5*

9.7K 751 925
                                    

Chan ve mosmor olmuş gözünü görür görmez kolundan tutup revire sürüklemiştim onu. Gerçekten de hiç birşey göremiyordu, Seungmin çok fena vurmuş olmalı.

Gözüne pansuman yapmak için revire geldiğimizde hemşire burada yoktu kendi kendime bunlarda hep gerekli zamanda olmuyorlar diye mırıldandım.

Chanı bir sedalyeye oturtmuş gözüne pansuman için birşeyler ararken ona bir ağrı kesici vermiştim ardından tekrar pansumanını yapıp onu sedyeden kaldırdım ve sınıfa yolladım bende gitmek için pansuman eşyalarını toplayıp yerine koyacakken arkamı döndüğümde arkamdaki kapının bana çarpma ihtimalini hiç düşünmemiştim.

Açılan kapı kafama çarpınca revirde küçük bir çığlık attım, gerçekten çok acımıştı. Kimin geldiğini görmek için kafamı kaldırdığında onu görmüştüm
Hwang Hyunjin...

Kendisi okulumuzun yakışıklı belası olur, tüm kızlar ona deli olmasına rağmen o hiç yüz vermez aksine daha çok tek başına dolanır erkeklerle bile dolanmaz. Eskiden üç arkadaş olarak takılırlardı; Hyunjin, Changbin ve Seungmin ama sonra aralarında kimsenin tam olarak gerçeğini bilemediği bir kavga olunca Seungmin onlarla takılmayı bırakmıştı.

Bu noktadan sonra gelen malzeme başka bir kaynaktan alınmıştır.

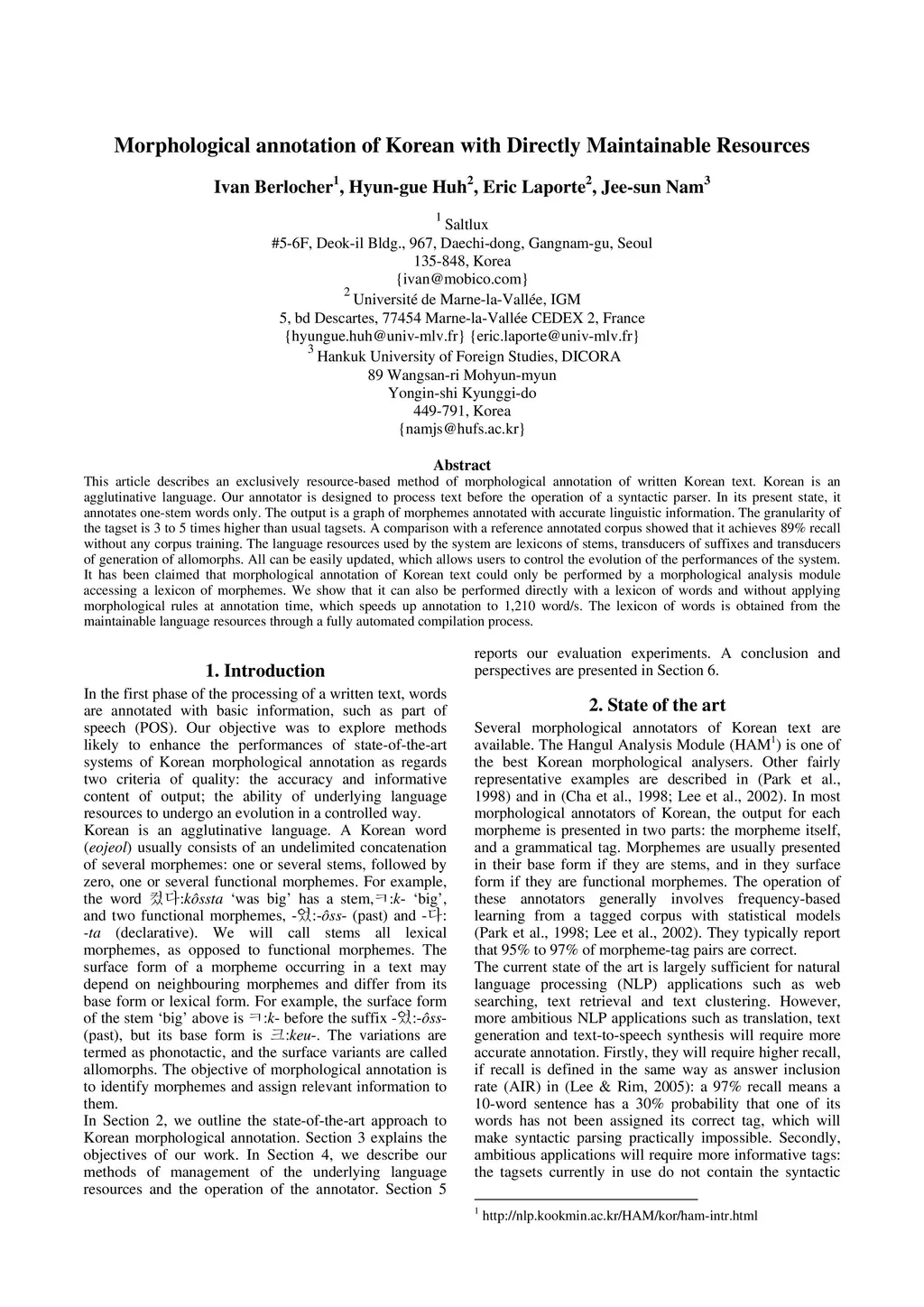 This article describes an exclusively resource-based method of morphological annotation of written Korean text. Korean is an agglutinative language. Our annotator is designed to process text before the operation of a syntactic parser. In its present state, it annotates one-stem words only. The output is a graph of morphemes annotated with accurate linguistic information. The granularity of the tagset is 3 to 5 times higher than usual tagsets. A comparison with a reference annotated corpus showed that it achieves 89% recall without any corpus training. The language resources used by the system are lexicons of stems, transducers of suffixes and transducers of generation of allomorphs. All can be easily updated, which allows users to control the evolution of the performances of the system. It has been claimed that morphological annotation of Korean text could only be performed by a morphological analysis module accessing a lexicon of morphemes. We show that it can also be performed directly with a lexicon of words and without applying morphological rules at annotation time, which speeds up annotation to 1,210 word/s. The lexicon of words is obtained from the maintainable language resources through a fully automated compilation process.

Seungmin akıllı çalışkan bir öğrenciydi kendiyle pek övünmezdi ama o Hyunjin'in aksine tenefüslerde etrafında bin tane kızla gezerdi, bizim küçük ama büyük Chanımızda bir gün ona tutulu vermişti.

Kafamı kaldırıp Hyunjine baktıktan sonra karşımdaki görüntüden dolayı resmen ödüm kopmuştu.

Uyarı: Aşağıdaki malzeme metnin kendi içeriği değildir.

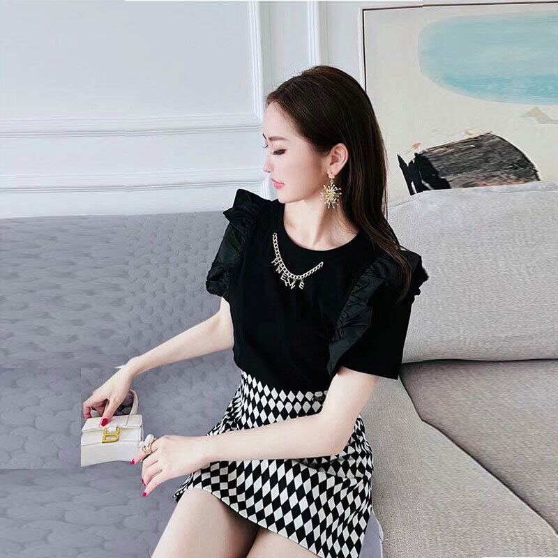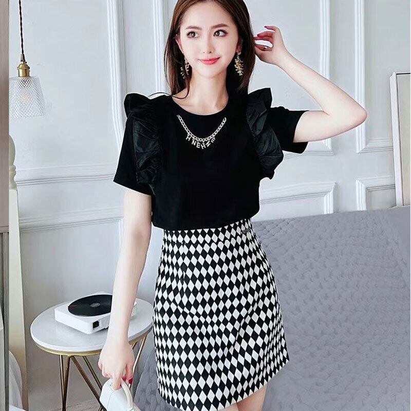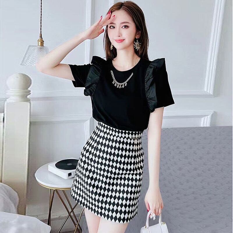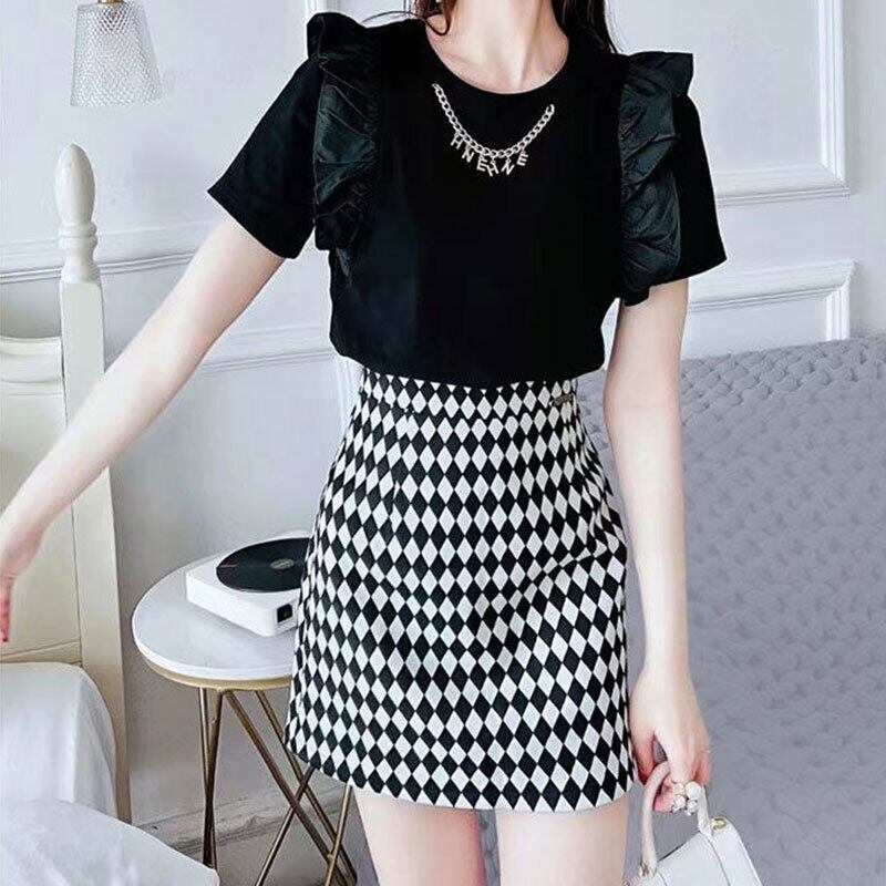 フレンチ袖デザイン感Tシャツ&チェック柄スカートセットアップ【DL-2919】

Burnu kanıyor, dudağı ve kaşı patlamış ayrıca kafasından da kan geliyordu. Bu onların kesinlikle en büyük kavgasıydı.

"Aman tanrım Hyunjin."

"Çekil önümden cüce." Dedikten sonra yanımdan geçip bir yarabandı koparmaya başladı.

"Hey!"

Hyunjini bana dönüp karşılık verdi "Ne var!"

"Yardım edebilirim."

"Gerek yok." Diyerek önerimi kabul etmemişti.

"Kafan kanıyor Hyunjin hem ayak bileğinde de sorun var belliki çünkü yürüyemiyorsun ve sanırım karnında da çünkü bir kolunla da orayı tutuyorsun."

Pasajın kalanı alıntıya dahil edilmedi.